Please retype the listing below exactly as it stands, skipping any pictures.

*** Opening of Source data ***

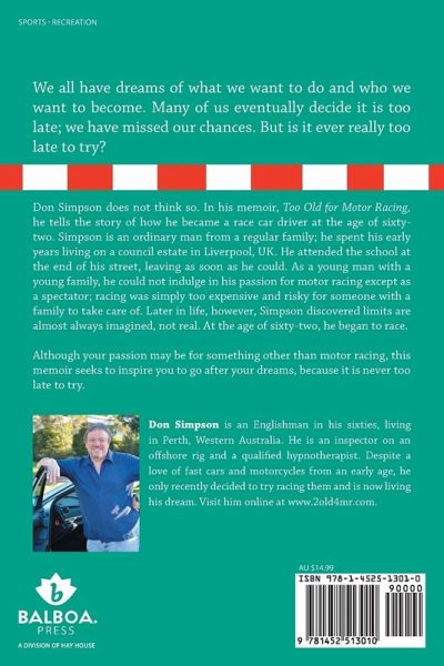 We all have dreams of what we want to do and who we want to become. Many of us eventually decide it is too late; we have missed our chances. But is it ever really too late to try? Don Simpson does not think so. In his memoir, Too Old for Motor Racing, he tells the story of how he became a race car driver at the age of sixty-two. Simpson is an ordinary man from a regular family; he spent his early years living on a council estate in Liverpool, UK. He attended the school at the end of his street, leaving as soon as he could. As a young man with a young family, he could not indulge in his passion for motor racing except as a spectator; racing was simply too expensive and risky for someone with a family to take care of. Later in life, however, Simpson discovered limits are almost always imagined, not real. At the age of sixty-two, he began to race. Although your passion may be for something other than motor racing, this memoir seeks to inspire you to go after your dreams, because it is never too late to try.
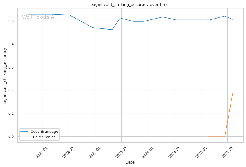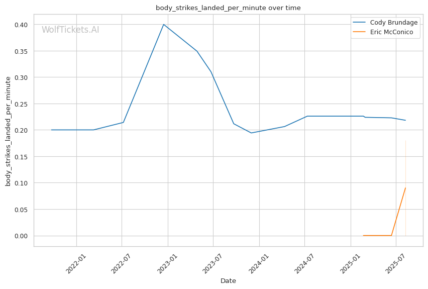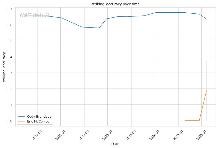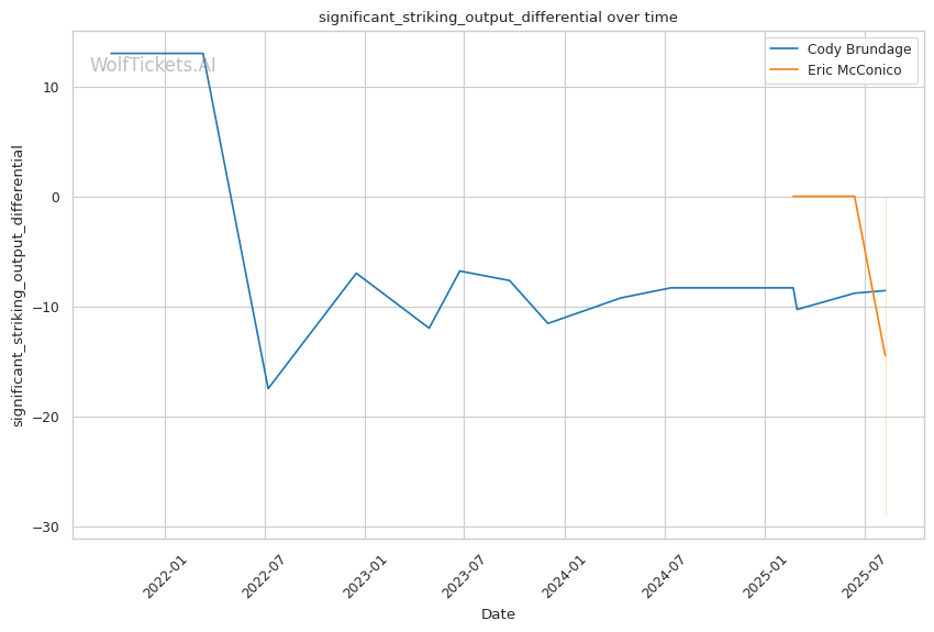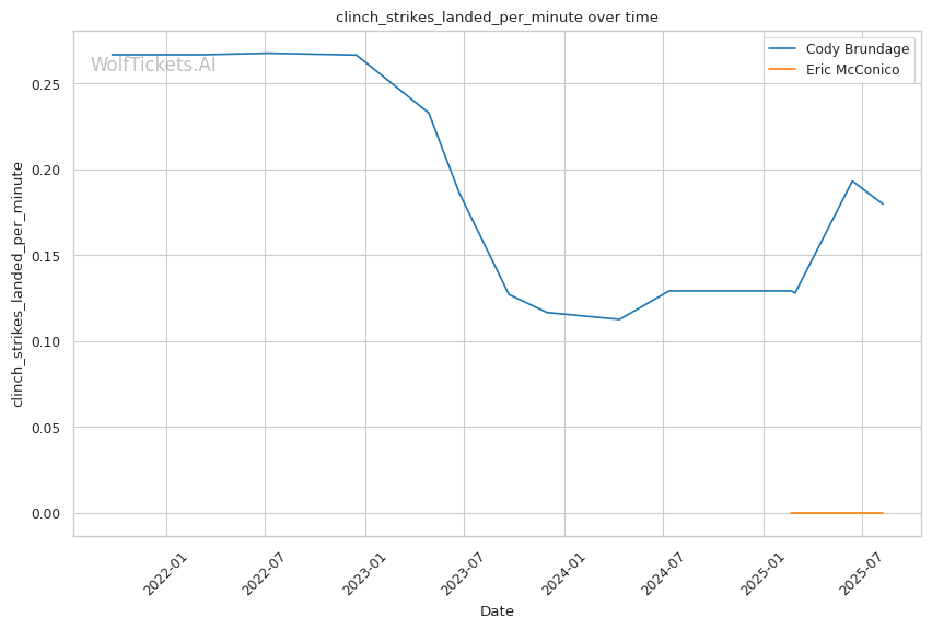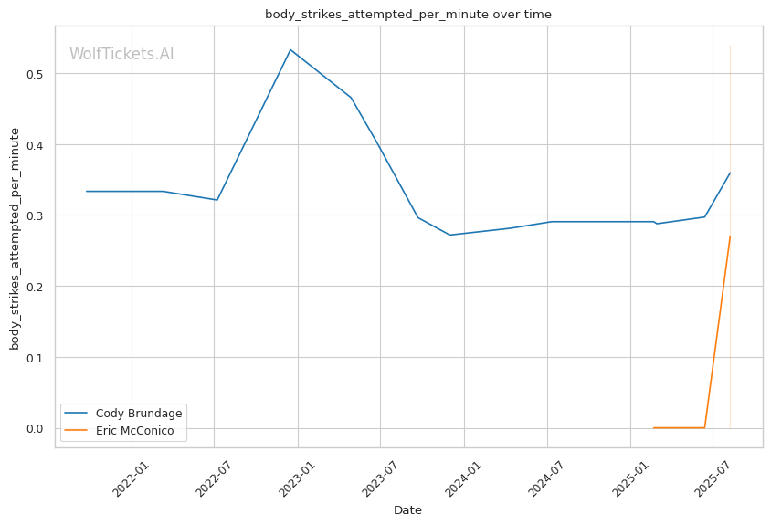 Mid-fight adjustments will be crucial for McConico. He needs to find his offensive rhythm and use his reach to keep Brundage at distance. However, his low output suggests he may struggle to build momentum even if he finds success.
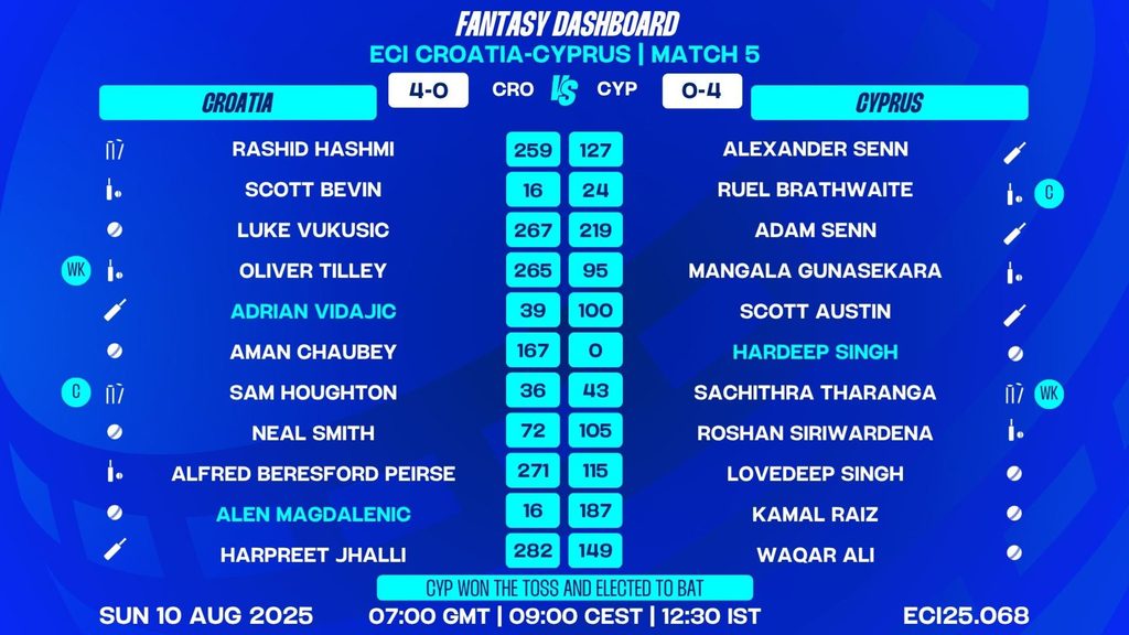 ECI Croatia-Cyprus, 2025: CRO vs CYP – Match 5 Preview
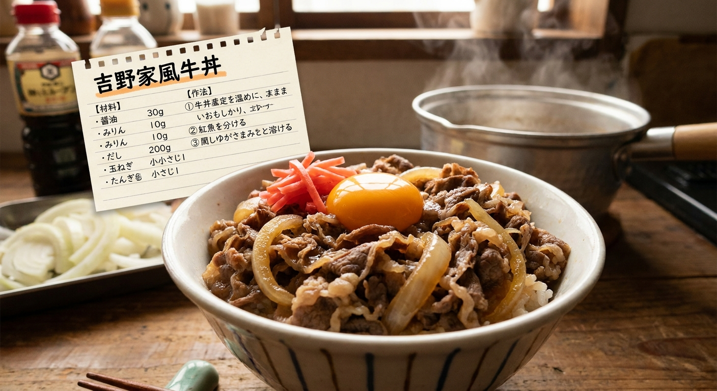 吉野家の牛丼をおうちで再現したい!」そんな願いを叶えるレシピがヒルナンデスで紹介され、大きな話題になりました。再現レシピ研究家の稲垣飛鳥さんが考案した、材料費1杯約200円で作れる吉野家風牛丼の作り方を詳しく解説します。

*** Close of Source data ***

— Task solution —
 We all have dreams of what we want to do and who we want to become. Many of us eventually decide it is too late; we have missed our chances. But is it ever really too late to try? Don Simpson does not think so. In his memoir, Too Old for Motor Racing, he tells the story of how he became a race car driver at the age of sixty-two. Simpson is an ordinary man from a regular family; he spent his early years living on a council estate in Liverpool, UK. He attended the school at the end of his street, leaving as soon as he could. As a young man with a young family, he could not indulge in his passion for motor racing except as a spectator; racing was simply too expensive and risky for someone with a family to take care of. Later in life, however, Simpson discovered limits are almost always imagined, not real. At the age of sixty-two, he began to race. Although your passion may be for something other than motor racing, this memoir seeks to inspire you to go after your dreams, because it is never too late to try.
 Mid-fight adjustments will be crucial for McConico. He needs to find his offensive rhythm and use his reach to keep Brundage at distance. However, his low output suggests he may struggle to build momentum even if he finds success.
 ECI Croatia-Cyprus, 2025: CRO vs CYP – Match 5 Preview
 吉野家の牛丼をおうちで再現したい!」そんな願いを叶えるレシピがヒルナンデスで紹介され、大きな話題になりました。再現レシピ研究家の稲垣飛鳥さんが考案した、材料費1杯約200円で作れる吉野家風牛丼の作り方を詳しく解説します。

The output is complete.